DATA EXTRACTS:
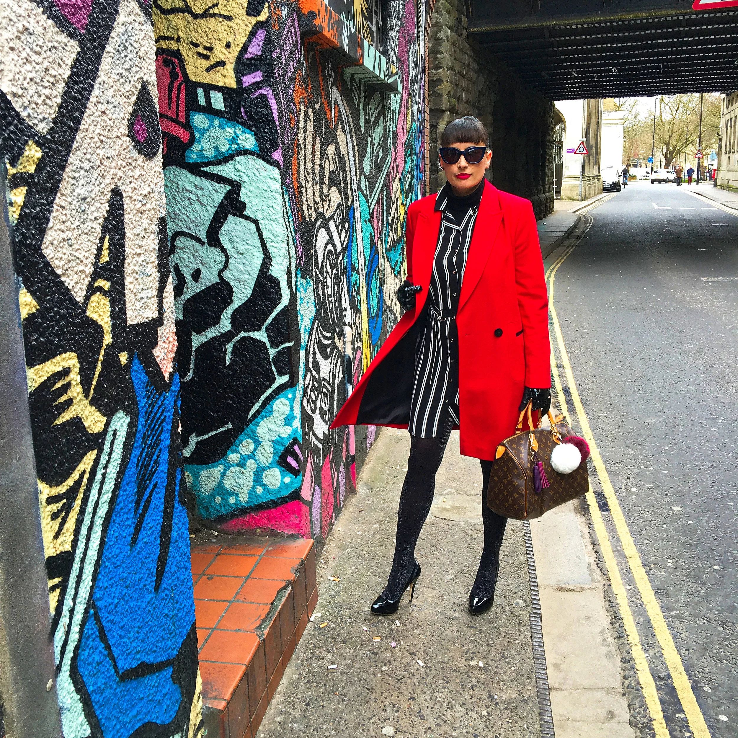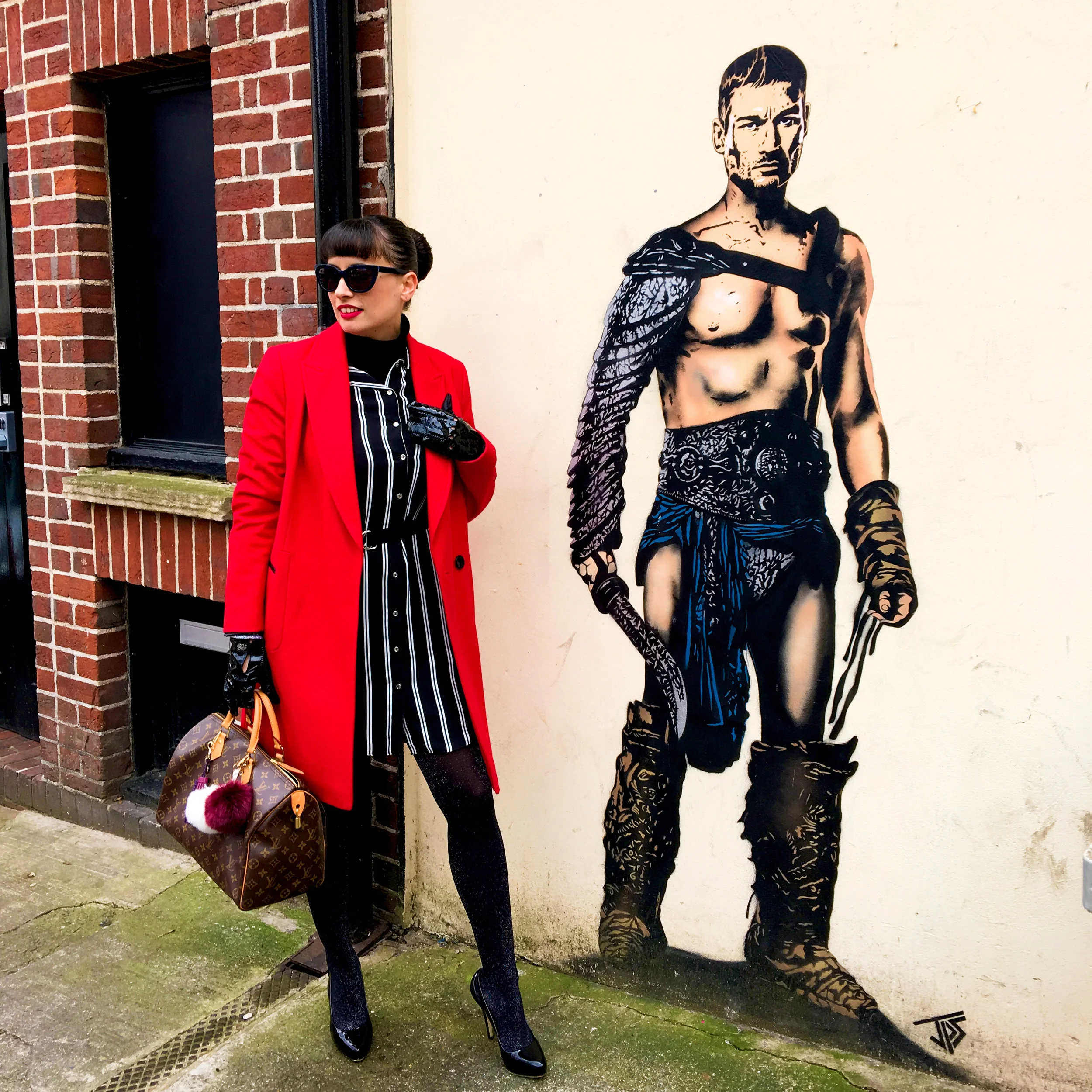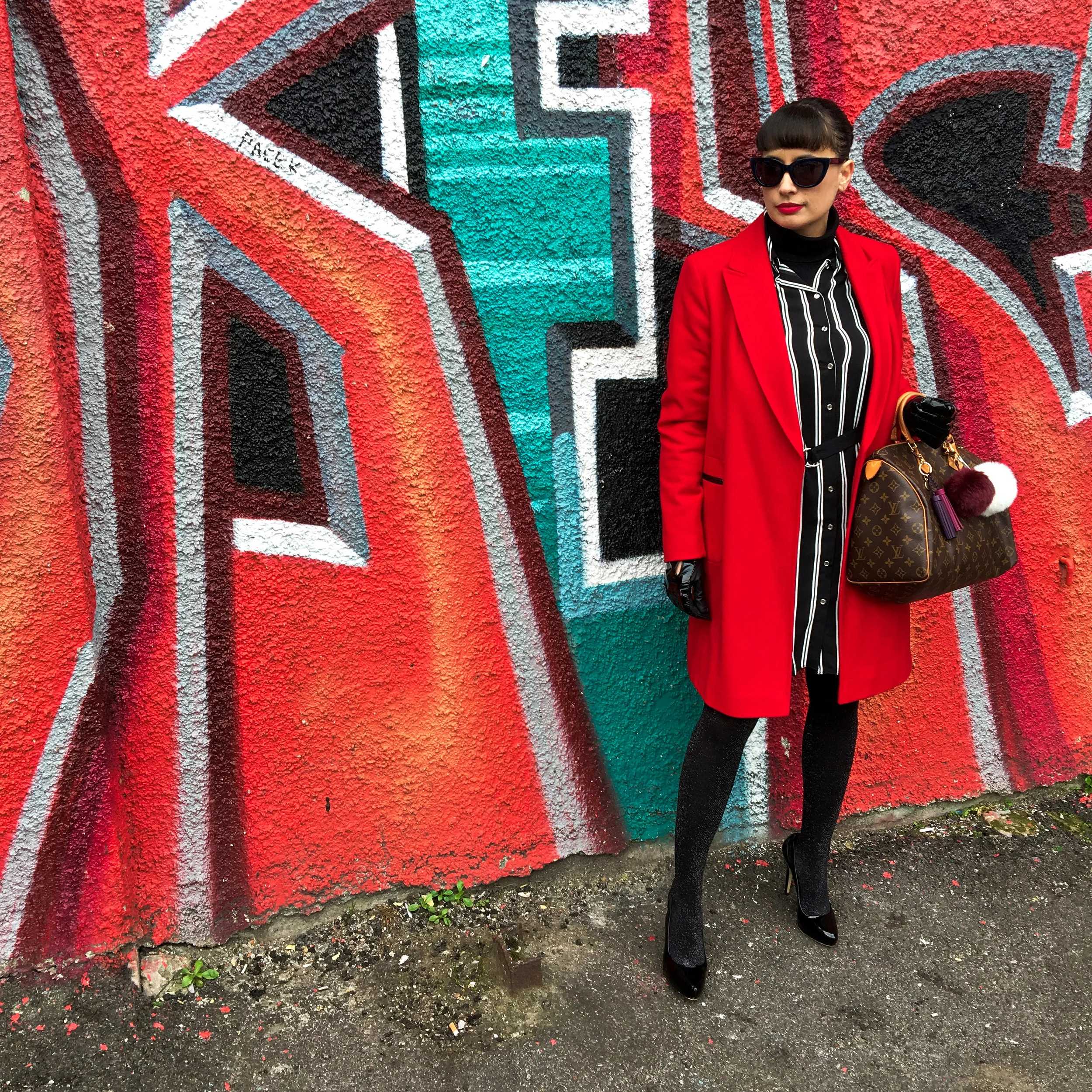 For this walk around the city I decided on wearing something light with a coat just in case. I'm wearing a fun, striped, black and white shirt dress with a belt and I added a red coat on top. I'm also wearing a black turtleneck sweater underneath for the cold and sparkly dark grey thighs.
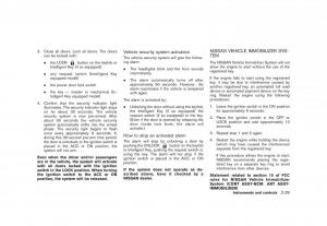 3.Close all doors. Lock all doors. The doorsVehicle security system activationNISSAN VEHICLE IMMOBILIZER SYS-
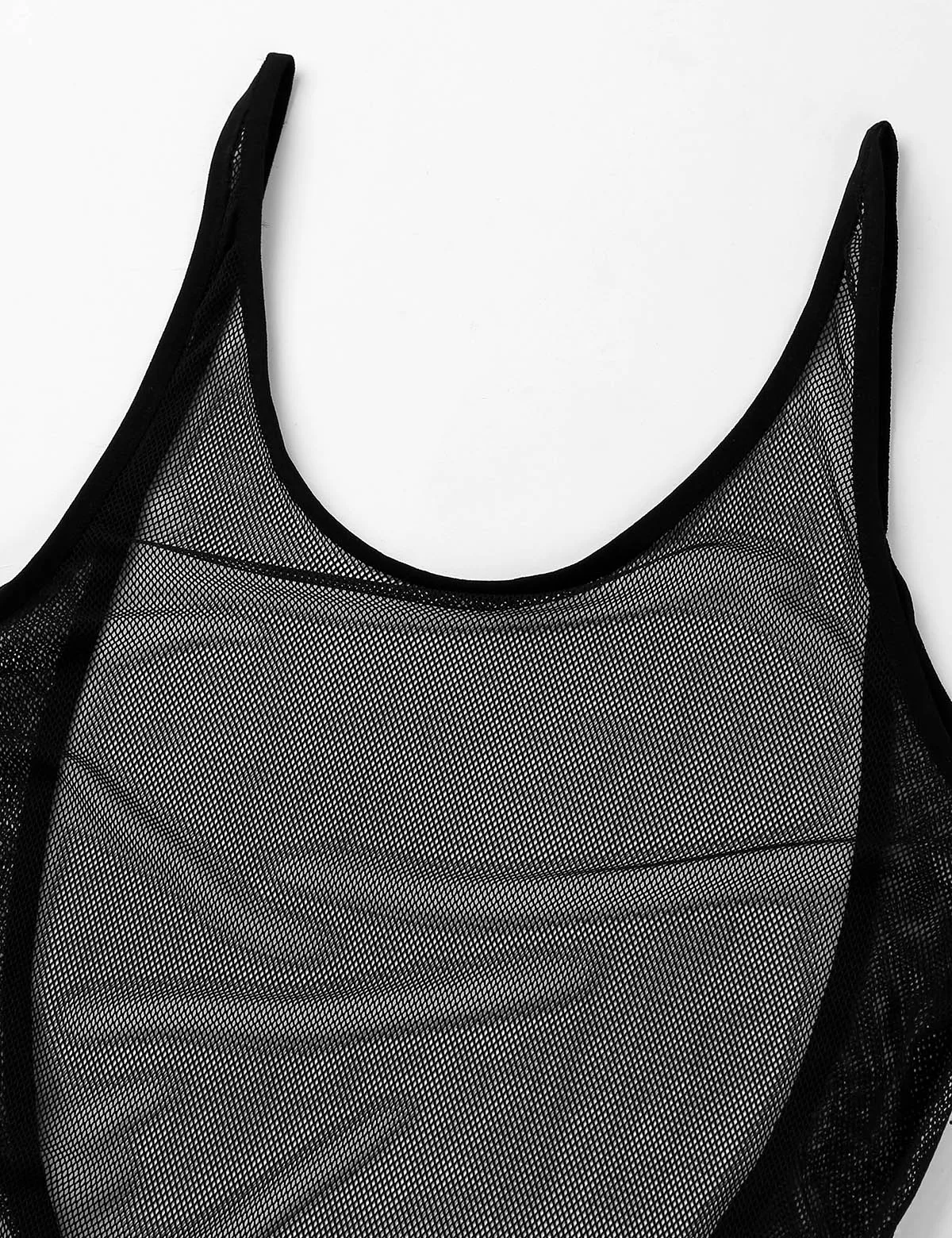 See through fishnet design, U-neckline and backless, high cut legs, pull on closure.
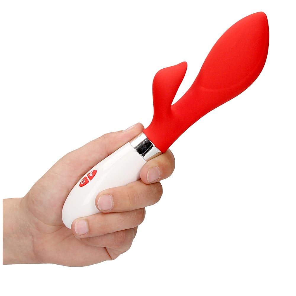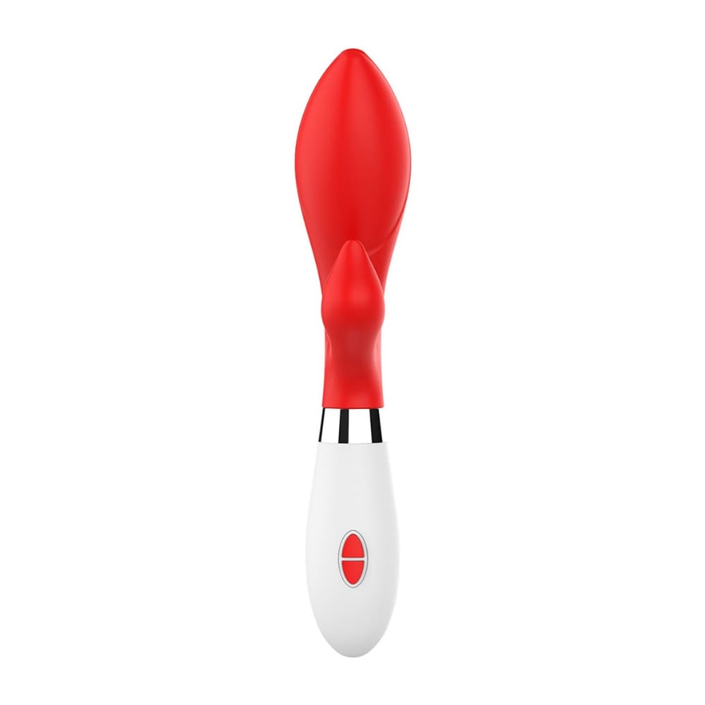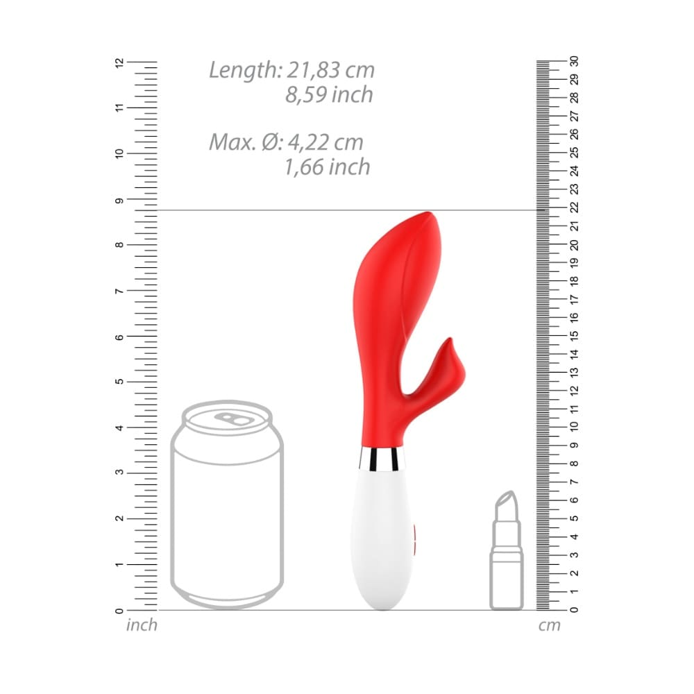 Божественото червено тяло на този свръхмощен мултифункционален вибратор е създадено, да доставя наслада, стимулирайки едновременно божествената G-точка и едно от най-чувствителните ви места - КЛИТОРА. Истинска наслада за вашето тяло ще ви осигурят двата мотора на SHOTS, с които можете да персонализирате усещанията си измежду десетте режима на страхотна вибрация. Вибраторът с клитор стимулатор Achelois е създаден от кадифено мек, медицински силикон, изключително тих и дискретен, напълно водоустойчив за напоителни водни забавления и невероятно мощен! За да подобрите изживяването си, препоръчваме да използвате лубрикант на водна основа.
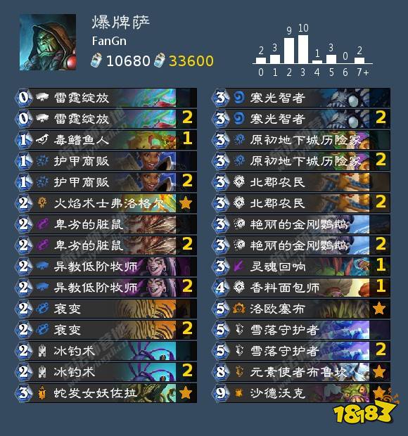 这也是战吼萨的一种形态(雷霆绽放形态),还有重要的农民鹦鹉无限牌库思路。这套战吼萨放弃了传统的复制+回手的无限体系,换成了更加竞速且不用担心破产的洗卡组无限套路。
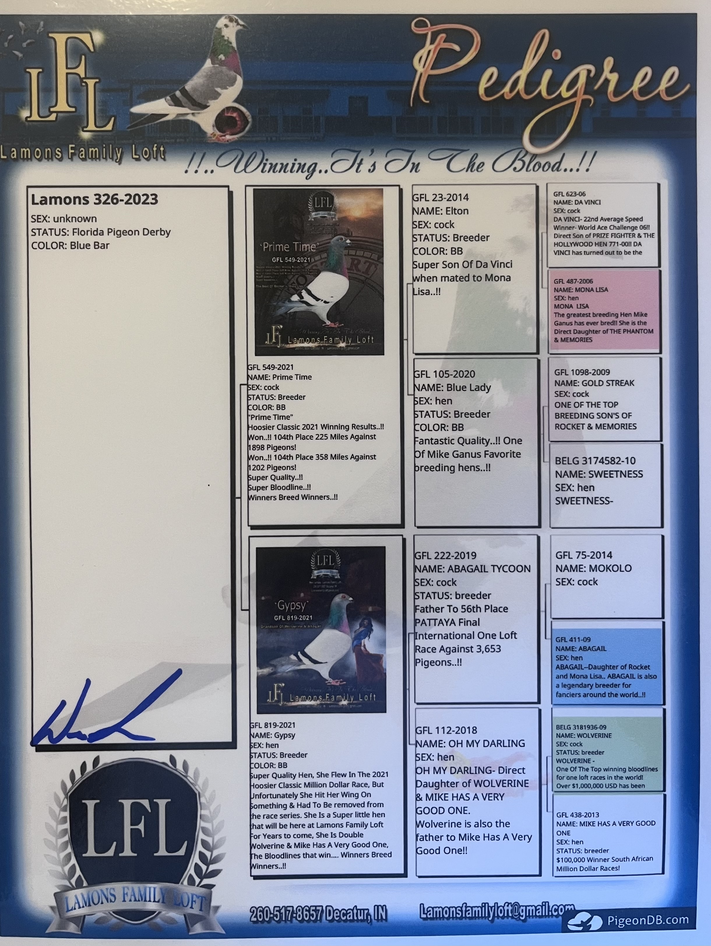 This gem is a stunning bird in my loft. She has an absolutely gorgeous eye, and a very noticeable muscle tone, and one whiteflight on each wing, which is so very beautiful! Her pedigree consists of some Ganus greats, like MHVGO, Mona Lisa, and even Abagail and Wolverine, this bird looks like Mona Lisa herself! Lamons birds have been winning everywhere so far in this OLR season, why not try one for yourself. When I purchased her as a yearling she caught my eye immediately. She is one of the best handling birds in my loft! I have a youngster in the Cotton Classic OLR right now, who is doing fantastic and actually just took 6 place on a very tough 150 mile race, winning me some money!
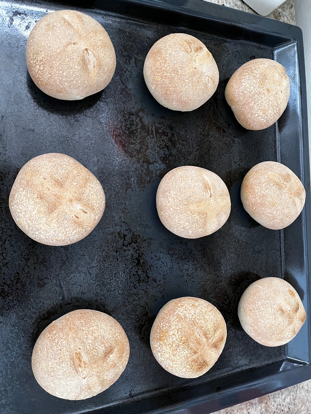 Eine Stunde bei Zimmertemperatur angehen lassen, über Nacht abgedeckt in den Kühlschrank, ca. 9 Stück Brötchen formen, eine Stunde gehen lassen.
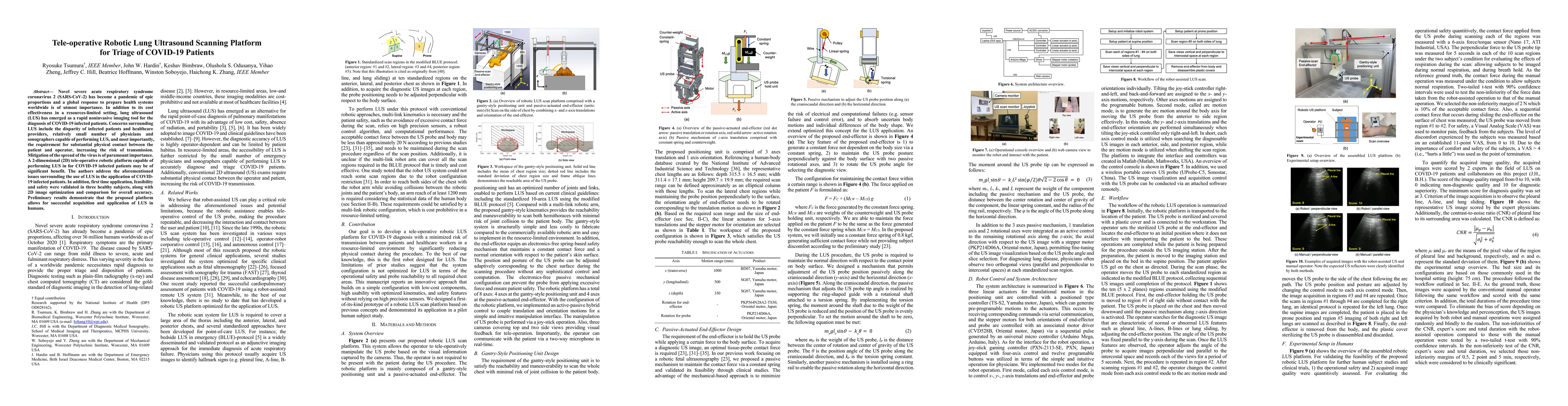 Novel severe acute respiratory syndrome coronavirus 2 (SARS-CoV-2) has become a pandemic of epic proportions and a global response to prepare health systems worldwide is of utmost importance. In addition to its cost-effectiveness in a resources-limited setting, lung ultrasound (LUS) has emerged as a rapid noninvasive imaging tool for the diagnosis of COVID-19 infected patients. Concerns surrounding LUS include the disparity of infected patients and healthcare providers, relatively small number of physicians and sonographers capable of performing LUS, and most importantly, the requirement for substantial physical contact between the patient and operator, increasing the risk of transmission. Mitigation of the spread of the virus is of paramount importance. A 2-dimensional (2D) tele-operative robotic platform capable of performing LUS in for COVID-19 infected patients may be of significant benefit. The authors address the aforementioned issues surrounding the use of LUS in the application of COVID- 19 infected patients. In addition, first time application, feasibility and safety were validated in three healthy subjects, along with 2D image optimization and comparison for overall accuracy. Preliminary results demonstrate that the proposed platform allows for successful acquisition and application of LUS in humans.
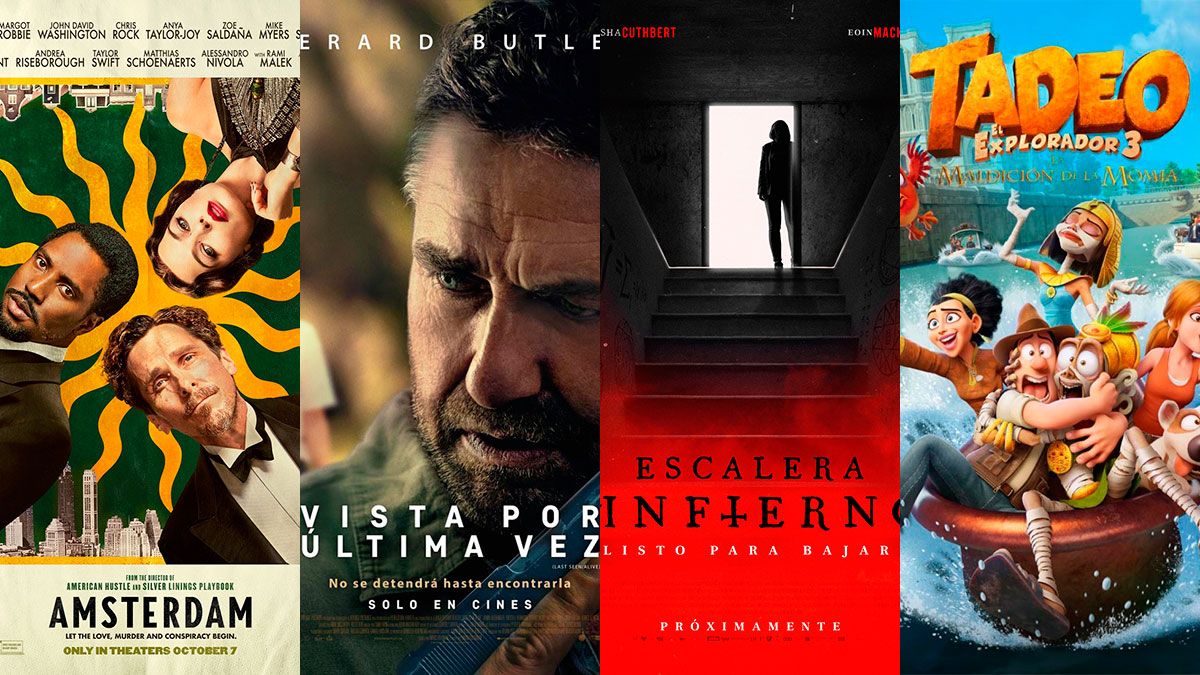 Los estrenos son Amsterdam, la nueva película de David O. Russel protagonizada por Anya Taylor-Joy, Christian Bale, John David Washington y Margot Robbie; Vista por ultima vez, cinta de suspenso encabeza por Gerard Butler; el largometraje de terror Escalera al infierno y la animación Tadeo El Explorador 3: la leyenda de la Momia.
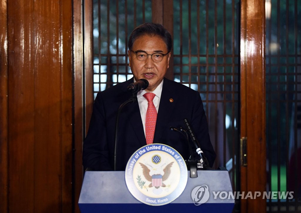 | ▲ South Korean Foreign Minister Park Jin speaks during a U.S. Independence Day reception at the official residence of U.S. Ambassador to South Korea Philip Goldberg in Seoul on July 13, 2022. (Pool photo) (Yonhap) |
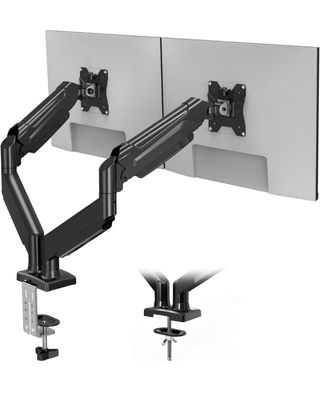 Soporte de brazo doble para monitores, ideal para organizar tu espacio de trabajo. - Construcción robusta y duradera. - Diseño elegante en acabado negro. - Permite ajustar la posición de dos monitores.

ASSIGNMENT: Give all the lines above again, character for character, without pictures.

TASK SOLUTION:
 For this walk around the city I decided on wearing something light with a coat just in case. I'm wearing a fun, striped, black and white shirt dress with a belt and I added a red coat on top. I'm also wearing a black turtleneck sweater underneath for the cold and sparkly dark grey thighs.
 3.Close all doors. Lock all doors. The doorsVehicle security system activationNISSAN VEHICLE IMMOBILIZER SYS-
 See through fishnet design, U-neckline and backless, high cut legs, pull on closure.
 Божественото червено тяло на този свръхмощен мултифункционален вибратор е създадено, да доставя наслада, стимулирайки едновременно божествената G-точка и едно от най-чувствителните ви места - КЛИТОРА. Истинска наслада за вашето тяло ще ви осигурят двата мотора на SHOTS, с които можете да персонализирате усещанията си измежду десетте режима на страхотна вибрация. Вибраторът с клитор стимулатор Achelois е създаден от кадифено мек, медицински силикон, изключително тих и дискретен, напълно водоустойчив за напоителни водни забавления и невероятно мощен! За да подобрите изживяването си, препоръчваме да използвате лубрикант на водна основа.
 这也是战吼萨的一种形态(雷霆绽放形态),还有重要的农民鹦鹉无限牌库思路。这套战吼萨放弃了传统的复制+回手的无限体系,换成了更加竞速且不用担心破产的洗卡组无限套路。
 This gem is a stunning bird in my loft. She has an absolutely gorgeous eye, and a very noticeable muscle tone, and one whiteflight on each wing, which is so very beautiful! Her pedigree consists of some Ganus greats, like MHVGO, Mona Lisa, and even Abagail and Wolverine, this bird looks like Mona Lisa herself! Lamons birds have been winning everywhere so far in this OLR season, why not try one for yourself. When I purchased her as a yearling she caught my eye immediately. She is one of the best handling birds in my loft! I have a youngster in the Cotton Classic OLR right now, who is doing fantastic and actually just took 6 place on a very tough 150 mile race, winning me some money!
 Eine Stunde bei Zimmertemperatur angehen lassen, über Nacht abgedeckt in den Kühlschrank, ca. 9 Stück Brötchen formen, eine Stunde gehen lassen.
 Novel severe acute respiratory syndrome coronavirus 2 (SARS-CoV-2) has become a pandemic of epic proportions and a global response to prepare health systems worldwide is of utmost importance. In addition to its cost-effectiveness in a resources-limited setting, lung ultrasound (LUS) has emerged as a rapid noninvasive imaging tool for the diagnosis of COVID-19 infected patients. Concerns surrounding LUS include the disparity of infected patients and healthcare providers, relatively small number of physicians and sonographers capable of performing LUS, and most importantly, the requirement for substantial physical contact between the patient and operator, increasing the risk of transmission. Mitigation of the spread of the virus is of paramount importance. A 2-dimensional (2D) tele-operative robotic platform capable of performing LUS in for COVID-19 infected patients may be of significant benefit. The authors address the aforementioned issues surrounding the use of LUS in the application of COVID- 19 infected patients. In addition, first time application, feasibility and safety were validated in three healthy subjects, along with 2D image optimization and comparison for overall accuracy. Preliminary results demonstrate that the proposed platform allows for successful acquisition and application of LUS in humans.
 Los estrenos son Amsterdam, la nueva película de David O. Russel protagonizada por Anya Taylor-Joy, Christian Bale, John David Washington y Margot Robbie; Vista por ultima vez, cinta de suspenso encabeza por Gerard Butler; el largometraje de terror Escalera al infierno y la animación Tadeo El Explorador 3: la leyenda de la Momia.
 | ▲ South Korean Foreign Minister Park Jin speaks during a U.S. Independence Day reception at the official residence of U.S. Ambassador to South Korea Philip Goldberg in Seoul on July 13, 2022. (Pool photo) (Yonhap) |
 Soporte de brazo doble para monitores, ideal para organizar tu espacio de trabajo. - Construcción robusta y duradera. - Diseño elegante en acabado negro. - Permite ajustar la posición de dos monitores.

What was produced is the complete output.